恥ずかしさに顔が火照る。逃げ出したい衝動に駆られ、足早にその場から立ち去ろうとするも、
「すみません」
ふいに声をかけられて立ち止まった。空色のジーパンにシャツ姿の青年が、カメラを手に近づいてきた。
「突然で失礼なのですが、写真を撮らせて頂けませんか?」
「シャシン? ワタシノ? ナンデ?」
カタコトで話す私に青年は屈託なく微笑んだ。
「お姉さんがあまりにもお綺麗なので、できれば写真をと思いまして」
私は呆気にとられる。
「本気で言ってるの?」
「だめでしょうか」
「別に良いけど……」
「ありがとうございます!」
かくしてプチ撮影会が始まった。どうして良いか分からず、最初こそやりづらかったが、
「そこで小首を傾げて、良いですねぇ」
「次は街路樹を背に……ああ美しい」
「物憂げな瞳でこっちを見て」
「良いね最高だぁ!」
グラビアカメラマン顔負けのヨイショテクのおかげで、最後の方はもはや全力で楽しんでしまった。

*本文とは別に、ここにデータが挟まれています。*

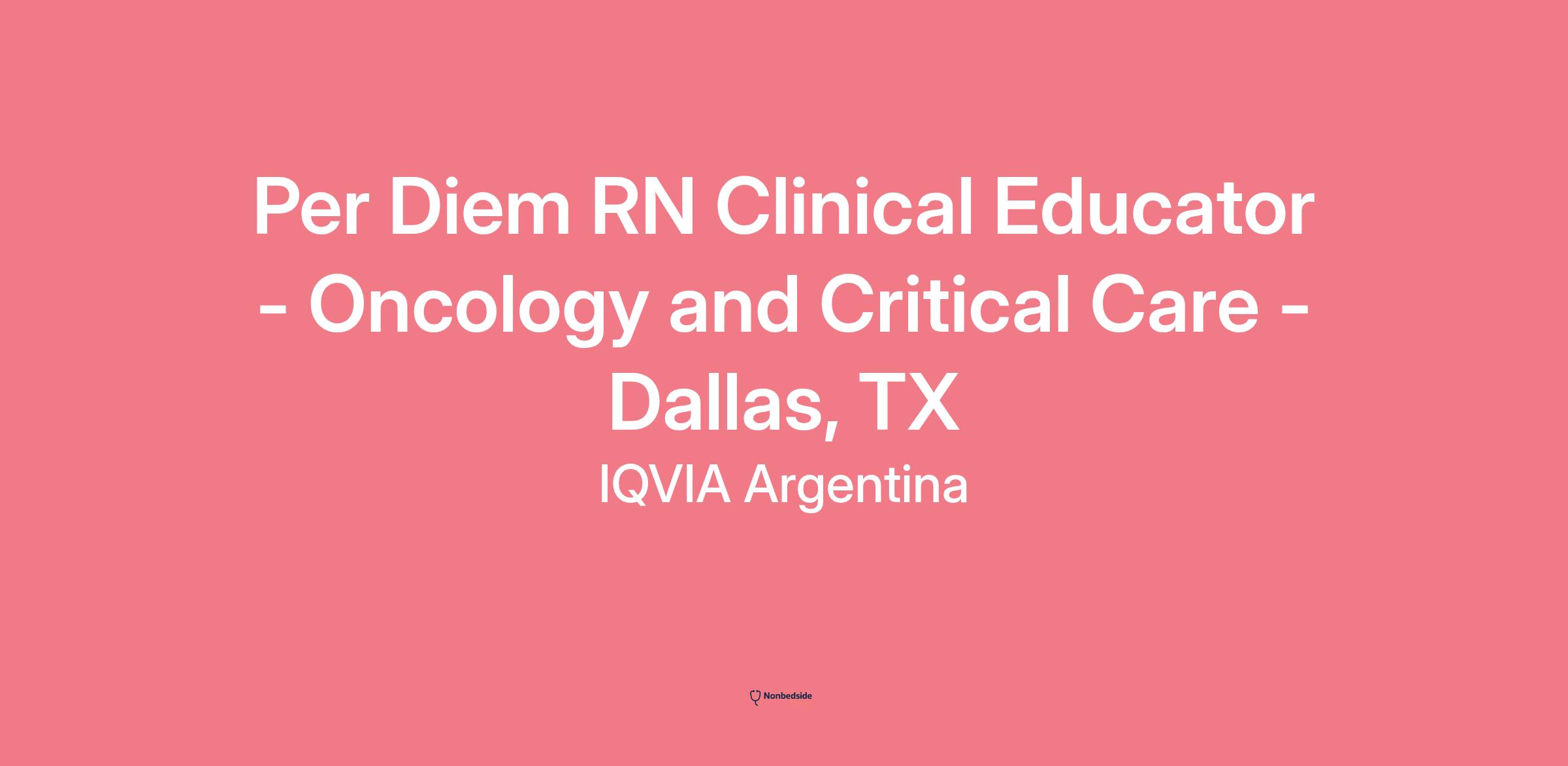 Per Diem RN Clinical Educator - Oncology and Critical Care - Dallas, TX
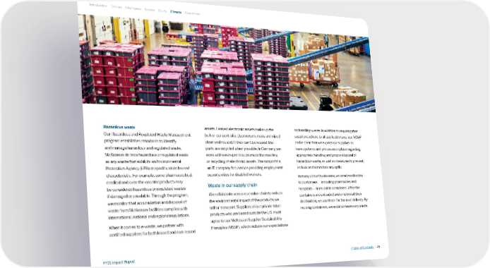 Hazardous waste Our Hazardous and Regulated Waste Management program establishes standards to identify and manage hazardous and regulated waste. McKesson defines hazardous or regulated waste as any waste that exhibits an Environmental Protection Agency (EPA) or specific state hazard characteristic. For example, some pharmaceutical, medical and over-the-counter products may be considered hazardous or regulated wastes if damaged or unsalable. Through the program, we monitor that accumulation and disposal of waste from McKesson facilities complies with international, national and regional regulations. When it comes to e-waste, we partner with certified suppliers for both leased and non-leased assets. Leased electronic assets make up the bulk of our portfolio. Upon return, many are wiped clean and reused. If they can’t be reused, the parts are recycled when possible. In Germany, we work with a non-profit to promote the reselling or recycling of electronic assets. The nonprofit is an IT company focused on providing employment opportunities for disabled workers. Waste in our supply chain We collaborate across our value chain to reduce the environmental impact of the products we sell or transport. Suppliers of our private-label products who are based outside the U.S. must agree to our McKesson Supplier Sustainability Principles (MSSP), which include our expectations on handling waste. In addition to requiring that suppliers adhere to all applicable laws, our MSSP make clear that we expect our suppliers to have systems and processes in place regarding appropriate handling and proper disposal of hazardous waste, as well as measures to prevent, reduce and remediate any spills. In many of our businesses, we send medication to customers — including pharmacies and hospitals — in reusable containers. After the containers are unloaded and emptied at their destination, we use them for the next delivery. By reusing containers, we avoid unnecessary waste. Introduction Stories Employees Access Equity Climate Operations >Table of Contents | 45 FY21 Impact Report
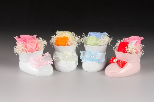 ●出産のお祝いや誕生日の贈り物にぴったりな、愛らしいベビーシューズのアレンジ

「良いのがたくさん撮れました。本当にありがとうございます」
満足げな青年に私は両手を振る。
「いえいえ! 私もこんな体験初めてだったから、いい経験になったわ」
「ちなみにこの写真をネットに上げても?」
私は狼狽える。
「そんな、私の写真だなんて」
「ちにみに僕、ストリートスナップの動画配信をやってるんです」
青年はスマホをこちらに差し向けた。
「こんな感じで」
「うそ? これって芸能人ともコラボしてるチャンネルじゃない!?」
食い気味に青年に詰め寄る。
「ご存知でしたか」
「大ファンなの! 私のなんかで良ければ、ぜひ使って!」
固めた拳を上下させる私に、
「交渉成立ですね」
青年は口の端を持ち上げた。
「喜んで頂けて何よりです」
頭を下げて青年は去っていった。その後ろ姿を見送ったあと、私は唇を一文字に結ぶ。が、堪えきれずに口元を覆う。こみ上げてくる愉悦に頬がだらしなく緩んだ。
「これで私も女優デビュー? ヤバっ!」
胸に広がる優越感。気づけば鼻歌を歌っていた。
「そうだ。彼のチャンネル登録しよーっと」
スマホを起動し、青年のアカウントをチェックした私は、
「えっ?」
と声を漏らしてしまう。青年が投稿した最新の動画をタップする。巧みな編集技術によって切り取られた自分が映し出される。
「もう動画ができたってこと?」
違和感を覚えた。さっきの今で編集作業が終わるだなんて、いくらなんでも早過ぎる。首を傾げ、呆然と動画が拡散されていくのをただ眺めていると、
「すごい。これって君?」
誰かに耳元で囁かれた。私は猫のような俊敏さで飛び退く。
「驚かせちゃった? ごめんね」
「あなたは……」
いつの間にかそばに立っていたのはカイトだった。
「確かサナの彼氏さん、ですよね? サナと一緒に食事に行ったのでは?」
「まいったな」
カイトは頬を指で掻く。
「サナちゃんとはそういう関係じゃないんだ」
「そうなんですか?」
カイトの言葉に一瞬浮わついた気持ちは、
「一緒に食事はしたけど」
すぐに沈んだ。
「本当にうまかったなぁ」
カイトが遠い目をする。
「どんなお店に行ったんですか?」
「いや、店は関係ないんだけどね」
「どういう意味ですか?」
「まぁ気にしないで」
眉根を寄せる私を前に、
「でも正直しつこかったから、終わりにしたんだ」
カイトは目を伏せた。
「大切な取引相手の一人だからって理由でわがままに付き合ってたんだけど、もう限界だったんだ」
端整な顔立ちに影を落とすカイト。
「あの、大丈夫ですか?」
歩み寄る私にカイトが力なく笑う。
「ありがとう。優しいんだね君は」
「いや、そんなこと」
「お願いがあるんだ」
カイトが私の手を握った。戸惑う私に構わず、カイトは口を開いた。